When I first wrote this article, I found myself remembering the hours and hours wasted online searching for useful information about this topic.

I wanted to share it with you and you have permission to reproduce it on your site or in your
newsletter. Please include the resource box. Enjoy.

If you are using your autoresponder to sell a product or service, you must be very careful as to how you approach your potential customer. Few people like a hard sale, and marketers have known for years that in most cases, a prospect must hear your message an average of seven times before they
will make a purchase. How do you accomplish this with autoresponders?

It's really quite simple, and in fact, the autoresponders make getting the message to your potential customers those seven times possible. On the Internet, without the use of autoresponders, you probably could not achieve that. Too often, marketers make the mistake of literally slamming the potential customer with a hard sales pitch with the first autoresponder message - this won't work.

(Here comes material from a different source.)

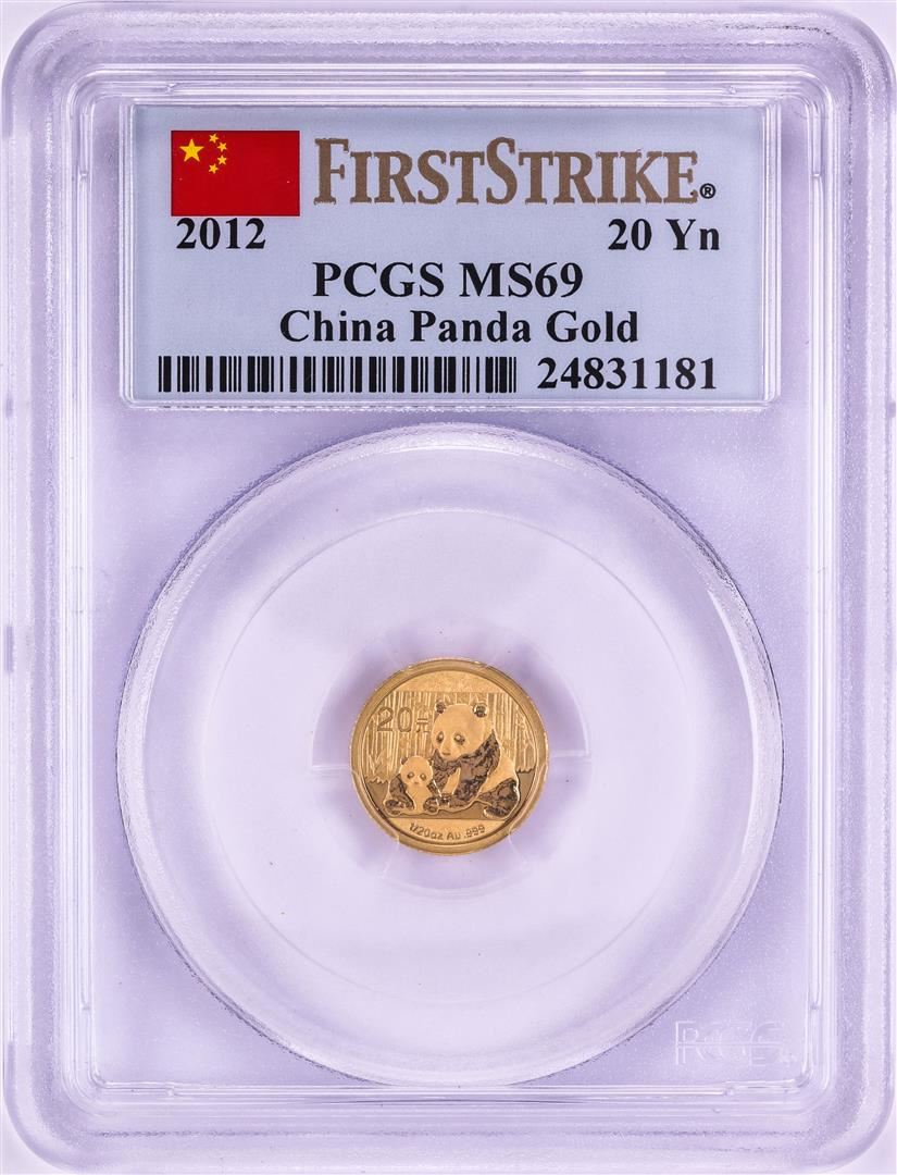 One 2012 China 20 Yuan Panda Gold Coin PCGS MS69 First Strike. PCGS Graded.

You build interest slowly. Start with an informative message - a message that educates the reader in some way on the topic that your product or service is related to. At the bottom of the message, include a link to the sales page for your product. Use that first message to focus on the problem that your product or service can solve, with just a hint of the solution.

Now, pay attention closely. What you're about to read will help you save hours of frustrating, wasted hunting, and let you hone in on some of the best material on this subject!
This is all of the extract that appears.